→ **YOUR OBJECTIVE**
In the material below, pictures must be dropped. Repeat exactly, and only, the lines from the line with "村長介紹我跟二妹一家人給舅舅的親戚認識~~旁邊的舅媽幫著拿出自己最拿手的醃豬肉" to the line with "巴拉巴拉冲锋衣童装款男童两件套外套春秋装24105108", both ends included.

→ **DATASET ENTRIES**
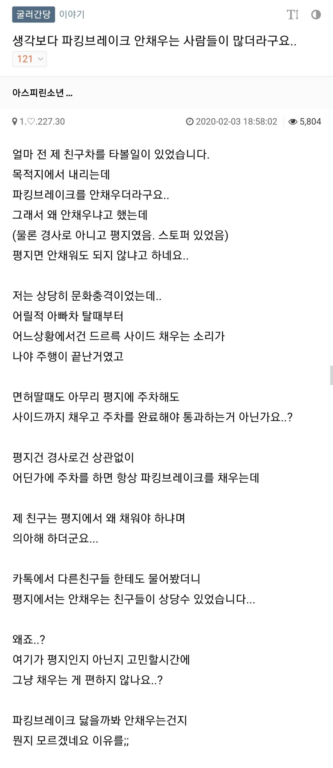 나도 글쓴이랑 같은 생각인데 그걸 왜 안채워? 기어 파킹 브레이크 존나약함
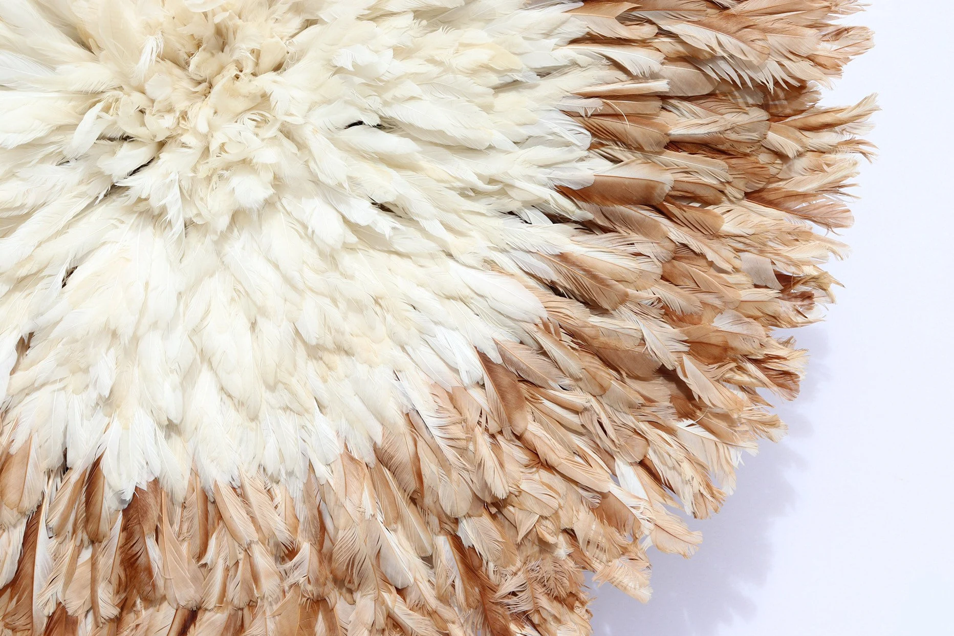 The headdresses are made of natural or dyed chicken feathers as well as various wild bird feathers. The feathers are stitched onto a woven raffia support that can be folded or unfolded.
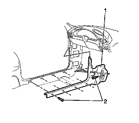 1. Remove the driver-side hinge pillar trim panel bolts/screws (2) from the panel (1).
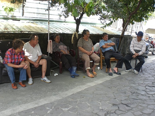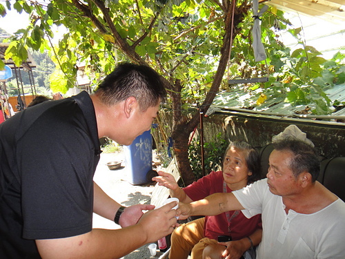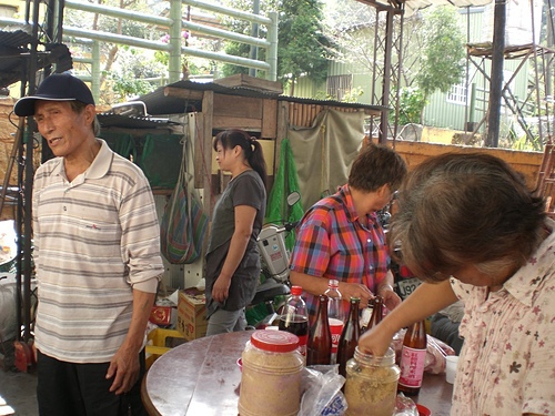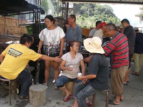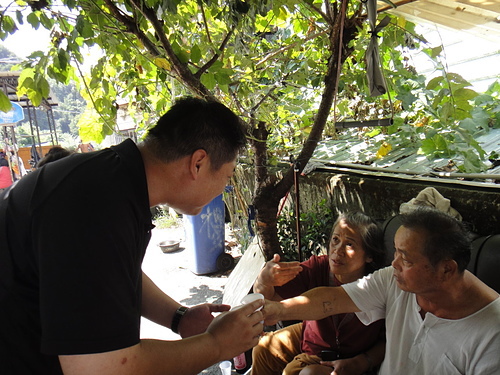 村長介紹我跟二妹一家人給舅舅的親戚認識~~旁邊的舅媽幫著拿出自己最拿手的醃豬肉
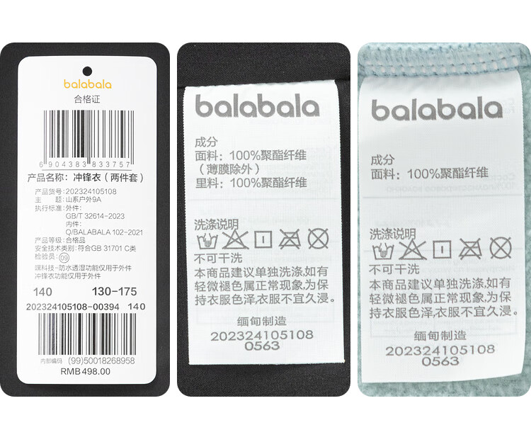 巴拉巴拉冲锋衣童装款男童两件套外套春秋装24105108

--

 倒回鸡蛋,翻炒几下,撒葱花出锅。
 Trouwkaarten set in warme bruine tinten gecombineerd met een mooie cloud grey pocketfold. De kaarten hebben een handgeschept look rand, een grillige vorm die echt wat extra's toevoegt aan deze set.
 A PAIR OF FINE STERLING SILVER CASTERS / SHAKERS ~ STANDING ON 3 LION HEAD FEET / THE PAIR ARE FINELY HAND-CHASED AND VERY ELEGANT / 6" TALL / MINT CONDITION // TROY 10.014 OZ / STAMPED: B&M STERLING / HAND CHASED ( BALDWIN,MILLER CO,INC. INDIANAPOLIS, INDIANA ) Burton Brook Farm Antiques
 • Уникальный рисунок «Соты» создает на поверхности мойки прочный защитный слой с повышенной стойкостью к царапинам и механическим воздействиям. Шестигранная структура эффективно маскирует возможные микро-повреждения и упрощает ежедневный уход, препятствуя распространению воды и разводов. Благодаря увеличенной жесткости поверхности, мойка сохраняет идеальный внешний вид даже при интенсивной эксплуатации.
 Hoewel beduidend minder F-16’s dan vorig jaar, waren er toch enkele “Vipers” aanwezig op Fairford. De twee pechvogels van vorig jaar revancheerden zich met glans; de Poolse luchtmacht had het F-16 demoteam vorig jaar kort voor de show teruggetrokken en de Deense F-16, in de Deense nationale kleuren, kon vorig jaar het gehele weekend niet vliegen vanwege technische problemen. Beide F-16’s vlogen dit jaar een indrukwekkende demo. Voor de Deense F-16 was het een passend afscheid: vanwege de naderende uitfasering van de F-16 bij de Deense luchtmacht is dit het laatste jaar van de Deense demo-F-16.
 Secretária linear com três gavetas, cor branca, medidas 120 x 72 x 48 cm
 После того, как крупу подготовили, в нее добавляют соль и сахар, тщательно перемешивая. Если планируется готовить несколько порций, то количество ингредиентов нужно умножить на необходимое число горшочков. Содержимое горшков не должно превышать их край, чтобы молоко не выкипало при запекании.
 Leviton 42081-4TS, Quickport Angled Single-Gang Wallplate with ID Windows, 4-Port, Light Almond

--

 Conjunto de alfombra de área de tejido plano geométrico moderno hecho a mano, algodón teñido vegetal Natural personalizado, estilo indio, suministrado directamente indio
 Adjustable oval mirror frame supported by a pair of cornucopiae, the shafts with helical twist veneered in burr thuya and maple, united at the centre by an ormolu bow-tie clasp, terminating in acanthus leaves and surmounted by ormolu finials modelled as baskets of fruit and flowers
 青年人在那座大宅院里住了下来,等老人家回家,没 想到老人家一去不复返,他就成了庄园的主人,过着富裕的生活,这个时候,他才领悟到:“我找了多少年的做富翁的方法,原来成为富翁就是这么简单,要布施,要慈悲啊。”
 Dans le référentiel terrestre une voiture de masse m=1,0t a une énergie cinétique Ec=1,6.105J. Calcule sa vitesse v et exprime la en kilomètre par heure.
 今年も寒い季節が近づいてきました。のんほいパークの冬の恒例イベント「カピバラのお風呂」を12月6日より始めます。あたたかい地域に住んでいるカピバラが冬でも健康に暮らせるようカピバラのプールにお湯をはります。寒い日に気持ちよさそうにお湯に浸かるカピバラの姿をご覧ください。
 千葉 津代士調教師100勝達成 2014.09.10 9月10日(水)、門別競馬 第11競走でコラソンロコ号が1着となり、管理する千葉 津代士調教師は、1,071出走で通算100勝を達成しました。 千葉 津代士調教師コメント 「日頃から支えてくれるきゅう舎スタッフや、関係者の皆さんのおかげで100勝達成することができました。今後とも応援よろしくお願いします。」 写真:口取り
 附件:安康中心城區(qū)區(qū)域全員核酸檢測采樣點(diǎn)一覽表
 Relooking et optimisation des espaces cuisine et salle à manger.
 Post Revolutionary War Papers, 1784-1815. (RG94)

→ **COMPLETED TASK**
 村長介紹我跟二妹一家人給舅舅的親戚認識~~旁邊的舅媽幫著拿出自己最拿手的醃豬肉
 巴拉巴拉冲锋衣童装款男童两件套外套春秋装24105108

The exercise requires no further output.